What this task involves:
What you return should match the listing exactly, minus its images.

Data extract:
☆ ☆ ☆ ☆ ☆ ☆ ☆
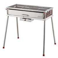 BBQをもっと楽ちんでエコに!アルペンアウトドアーズで人気の焦付きにくいで有名の円形状フライパンの四角バージョンです。四角になった事で様々なBBQグリルにセットできて、しかも耐熱性が約2倍に上がりました(全てのBBQグリルにフィットするわけではありません)しかも裏面はグリルやバーナーからずれ落ちにくい構造になっております。網は数回で使えなくなるし、鉄板や網の焦付きはなかなか落とせませんがそんな面倒くささや網の買い替えが今後はこれで解消されます。勿論ガス火OKですがIHは非対応になります。木製ハンドル装置したまま火にかけると焦げたり変形、燃えたりしますので料理中は外す事を推奨しますm(_ _)m
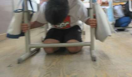 今日は、土曜参観でした。4時間目には、地震を想定した引き渡し訓練がありました。地震の放送が流れると、素早く机の下に隠れることができました。真剣に取り組むことができたことがよかったです。
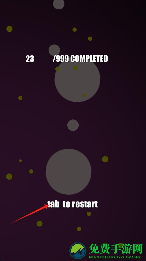 3、若小球碰撞失败,点击tab to restart,重新开始本关,调整路线,继续挑战,点击重开。
☆ ☆ ☆ ☆ ☆ ☆ ☆
Exercise output:
 BBQをもっと楽ちんでエコに!アルペンアウトドアーズで人気の焦付きにくいで有名の円形状フライパンの四角バージョンです。四角になった事で様々なBBQグリルにセットできて、しかも耐熱性が約2倍に上がりました(全てのBBQグリルにフィットするわけではありません)しかも裏面はグリルやバーナーからずれ落ちにくい構造になっております。網は数回で使えなくなるし、鉄板や網の焦付きはなかなか落とせませんがそんな面倒くささや網の買い替えが今後はこれで解消されます。勿論ガス火OKですがIHは非対応になります。木製ハンドル装置したまま火にかけると焦げたり変形、燃えたりしますので料理中は外す事を推奨しますm(_ _)m
 今日は、土曜参観でした。4時間目には、地震を想定した引き渡し訓練がありました。地震の放送が流れると、素早く机の下に隠れることができました。真剣に取り組むことができたことがよかったです。
 3、若小球碰撞失败,点击tab to restart,重新开始本关,调整路线,继续挑战,点击重开。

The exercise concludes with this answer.